Media Purna Polri, Mojokerto – Bakal calon Bupati Mojokerto Pungkasiadi didampingi calon wakilnya, mengembalikan formulir ke Partai Kebangkitan Bangsa (PKB), Kamis (27/2/2020). Dengan diantar timnya, perwakilan pengurus DPC PDIP Kabupaten Mojokerto, Sang petahana datang di Graha Gus Dur, kantor DPC PKB Kabupaten Mojokerto sekira pukul 10.00 WIB,

Setelah sekian lama menjadi teka teki, akhirnya pada kesempatan ini Pungkasiadi menunjukkan kepada publik siapa sosok yang dipilihnya menjadi pasangan untuk maju dalam Pemilihan Bupati dan Wakil Bupati Mojokerto 2020. Dia adalah Hj. Jauharoh Said Hamdan, pimpinan Kelompok Bimbingan Ibadah Haji dan Umrah (KBIHU) An Namiroh serta Penyelenggara Perjalanan Ibadah Umrah (PPIH) PT. An Namiroh Travelindo.

Setelah sempat dijodohkan oleh Komunitas Sapoe Tjikrak dengan anggota DPRD Kabupaten Mojokerto dari Partai Gerinda, Budi Mulya. Serta diisukan dekat dengan kader PKB, Titik Masudah yang notabene adalah adik kandung Menteri Tenaga Kerja, Ida Fauziyah. Ternyata Pungkasiadi menjatuhkan pilihan hatinya pada seseorang yang bukan berasal dari kalangan Politisi.

Menurut Pungkasiadi, dirinya memilih perempuan yang biasa disapa Bu Nyai Jauharoh ini karena petunjuk Yang Maha Kuasa. “Yang jelas petunjuklah. Ini Insya Allah kita dijodohkan oleh Gusti Allah untuk menjadi Bupati dan Wakil Bupati Mojokerto,” ucap Pungkasiadi yang lantas diamini oleh para pendukungnya.

Khusnun, salah seorang Wakil Ketua DPC PKB yang menerima pengembalian formulir, mengatakan bahwa berkas pendaftaran Pungkasiadi sudah lengkap, hanya tinggal foto saja yang masih harus di-scan (pindai ke bentuk digital).

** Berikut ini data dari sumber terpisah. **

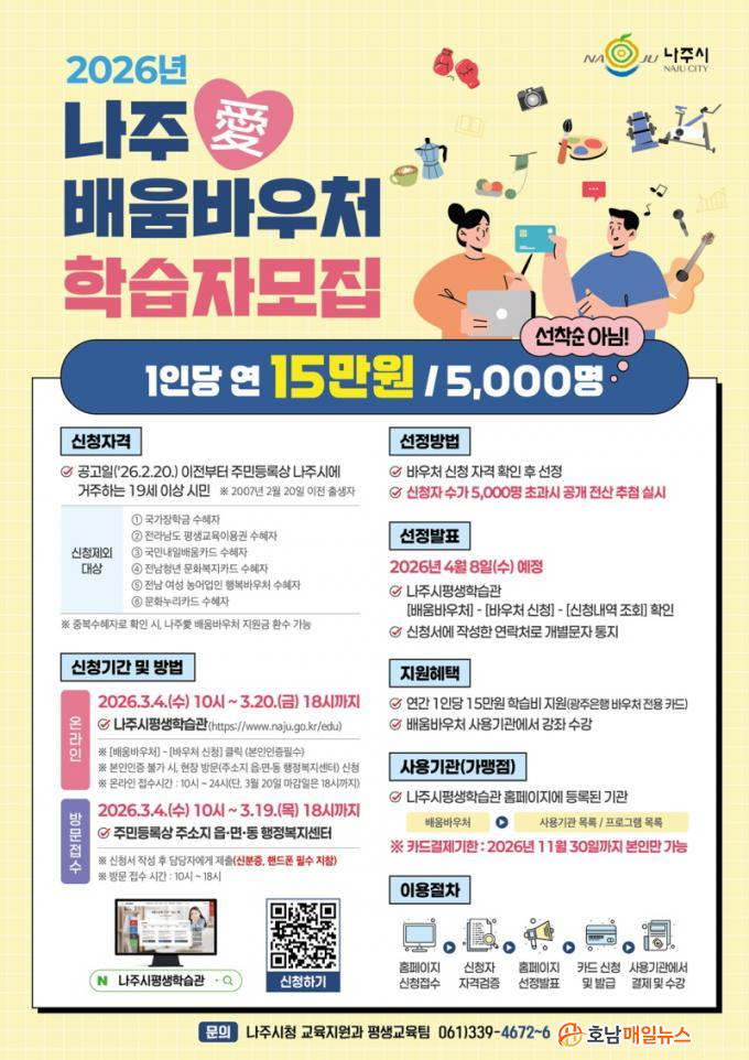 ³ªÁֽô 19¼¼ ÀÌ»ó ½Ã¹ÎÀ» ´ë»óÀ¸·Î ¿¬°£ 15¸¸ ¿øÀ» ¹Ù¿ìó Àü¿ë Ä«µå·Î Áö¿øÇÏ´Â ¡®³ªÁÖ¾Ö¹è¿ò¹Ù¿ìó¡¯ ÇнÀÀÚ ½ÅûÀ» 3¿ù 4ÀϺÎÅÍ 20ÀϱîÁö Á¢¼öÇÑ´Ù°í 23ÀÏ ¹àÇû´Ù.

“Tadi kami sudah cek, bersama teknisi juga, sudah lengkap semua. Hanya fotonya aja, sudah ada, tapi tinggal di-scan,” terang pria yang akrab disapa Cak Nun ini pada awak media.

Menurut Cak Nun, selain pasangan Pungkasiadi – Jauharoh, yang sudah mengembalikan formulir adalah, pasangan Ikfina – Barra, Wahyu Haminarko, Anton Fathurrahman dan Muhammad Afif.

“Semua berkas pendaftaran bakal calon atau pasangan bakal calon yang sudah lengkap akan dikirim ke Dewan Pimpinan Pusat,” tutur Cak Nun.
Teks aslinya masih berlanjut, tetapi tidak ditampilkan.